# What is expected
Please restate each line of the material word for word and omit any pictures.
=== Section Start ===
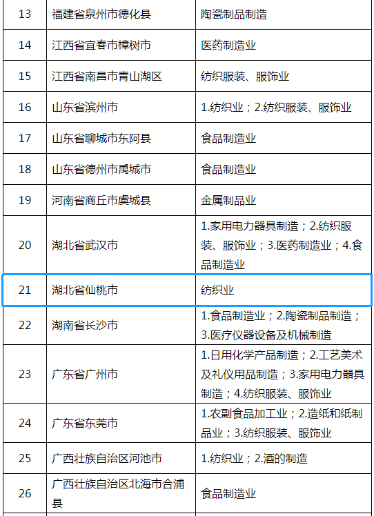 今年,武汉以家用电力器具制造业,纺织服装、服饰业,医药制造业,食品制造业四大优势产业入围,为特色优势产业最多的城市之一,不久前才以无纺布登榜工信部重点培育纺织服装百家品牌的仙桃市,再次以纺织业入围“三品”战略示范城市名单。
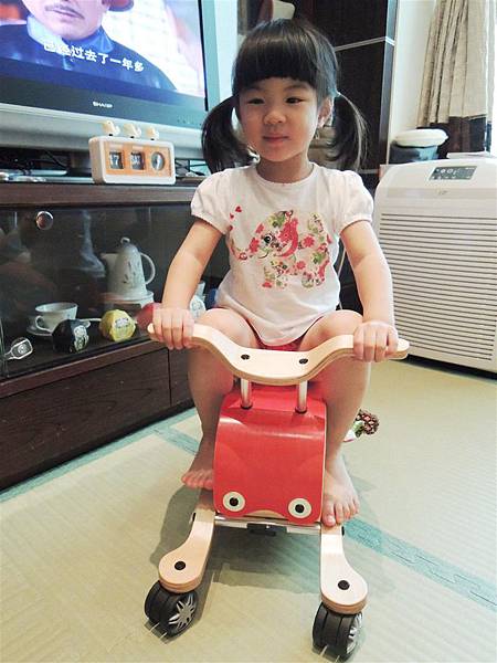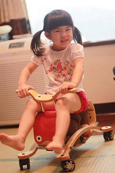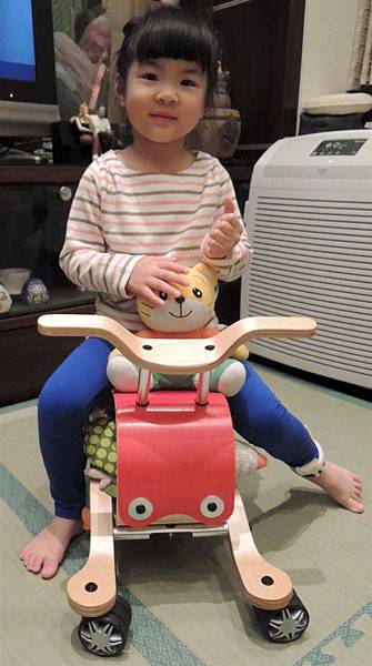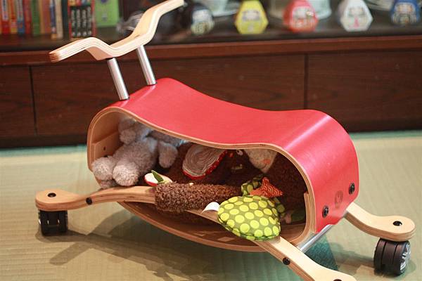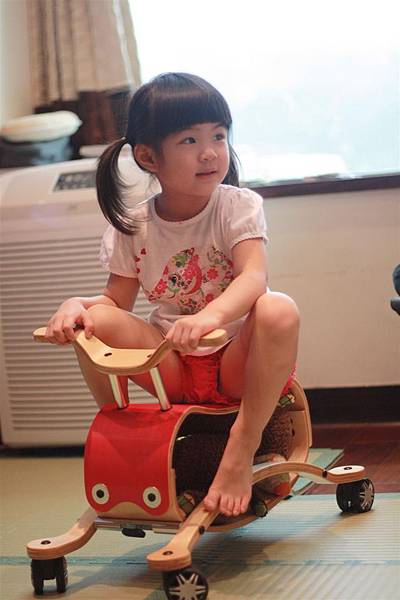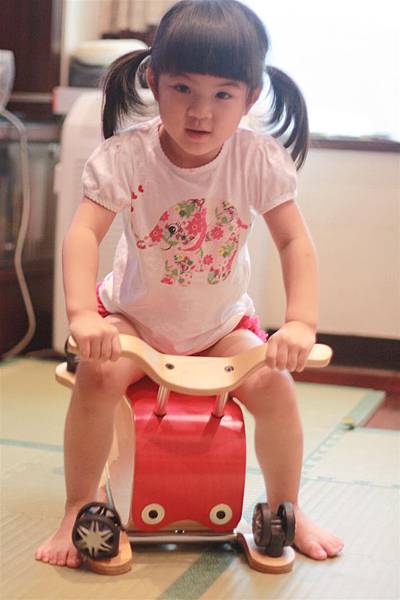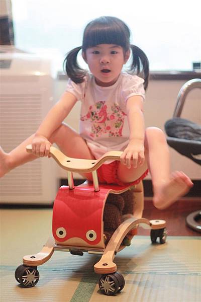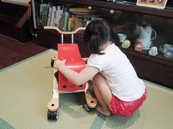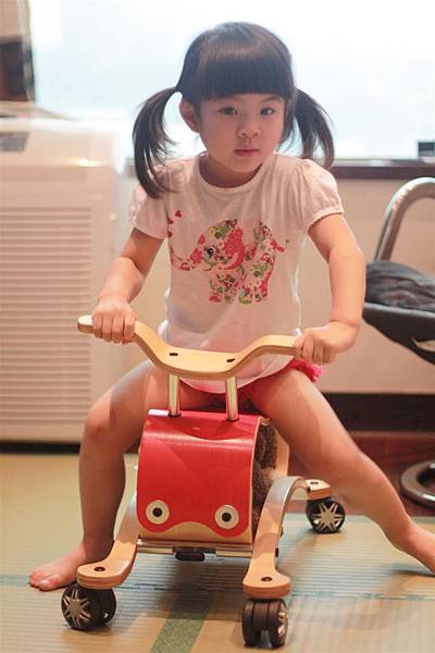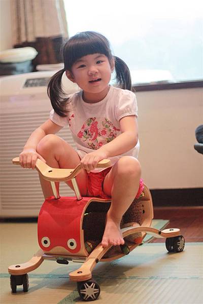 不用五分鐘就可以把搖搖馬切換成四輪車,
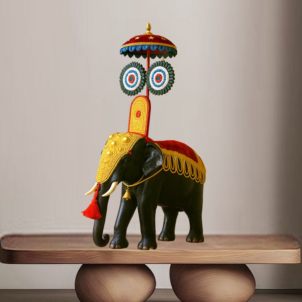this Pooram elephant statue is charming and traditional symbol yet it goes well with my modern decor. The colourful umbrella is so regal and dramatic….
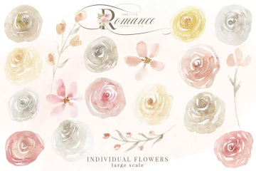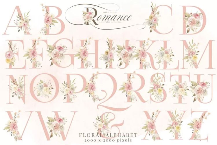 图穷联素材库 » 玫瑰金浪漫水彩花卉剪贴画 Rose Gold Romance
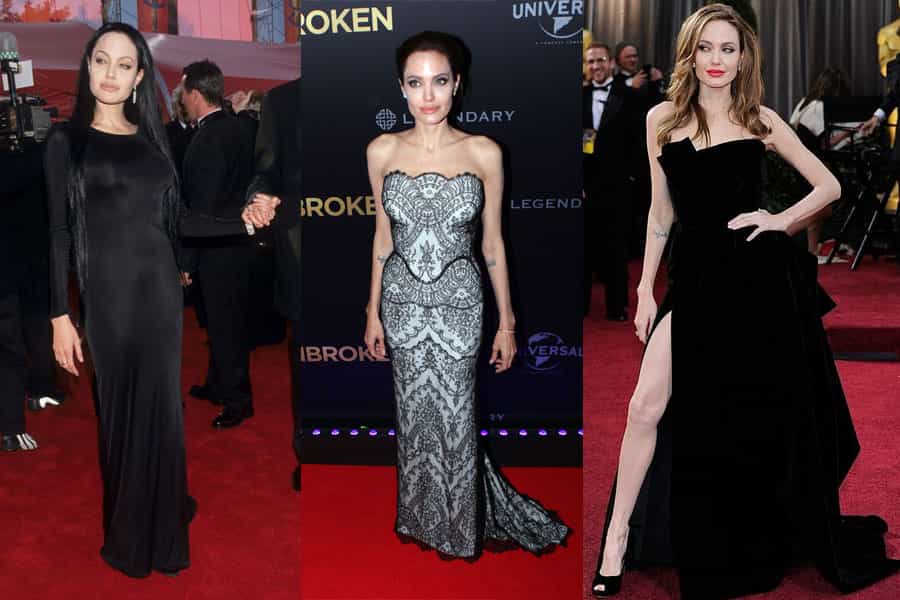 En el año 2000, Angelina Jolie fue considerada una de las peores vestidas de la alfombra roja de los premios Oscar, por lucir un atuendo que parecía sacado de una película de "Los Locos Adams". De hecho, la prensa rosa aún llama a ese look el "Morticia", debido a que la artista lucía una cabellera negra, larga y lisa, acompañada de un vestido largo y oscuro, sin ningún toque de color para equilibrar este look. Sin embargo, ha medida que la artista ha ido creciendo y sus intereses han variado, su estilo para eventos nocturnos se ha vuelto mucho más elegante y distinguido, pero sin perder su sensualidad característica.
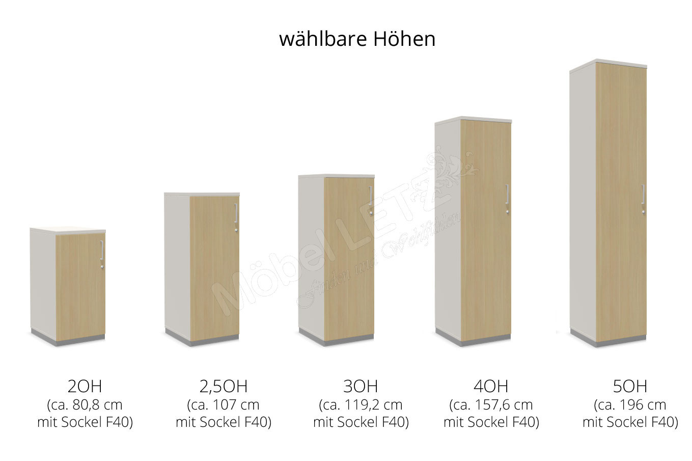 die Schrankhöhe verringert sich um ca. 3 cm (Art-Nr. F40-)
=== Section End ===
# Solution to this problem
 今年,武汉以家用电力器具制造业,纺织服装、服饰业,医药制造业,食品制造业四大优势产业入围,为特色优势产业最多的城市之一,不久前才以无纺布登榜工信部重点培育纺织服装百家品牌的仙桃市,再次以纺织业入围“三品”战略示范城市名单。
 不用五分鐘就可以把搖搖馬切換成四輪車,
this Pooram elephant statue is charming and traditional symbol yet it goes well with my modern decor. The colourful umbrella is so regal and dramatic….
 图穷联素材库 » 玫瑰金浪漫水彩花卉剪贴画 Rose Gold Romance
 En el año 2000, Angelina Jolie fue considerada una de las peores vestidas de la alfombra roja de los premios Oscar, por lucir un atuendo que parecía sacado de una película de "Los Locos Adams". De hecho, la prensa rosa aún llama a ese look el "Morticia", debido a que la artista lucía una cabellera negra, larga y lisa, acompañada de un vestido largo y oscuro, sin ningún toque de color para equilibrar este look. Sin embargo, ha medida que la artista ha ido creciendo y sus intereses han variado, su estilo para eventos nocturnos se ha vuelto mucho más elegante y distinguido, pero sin perder su sensualidad característica.
 die Schrankhöhe verringert sich um ca. 3 cm (Art-Nr. F40-)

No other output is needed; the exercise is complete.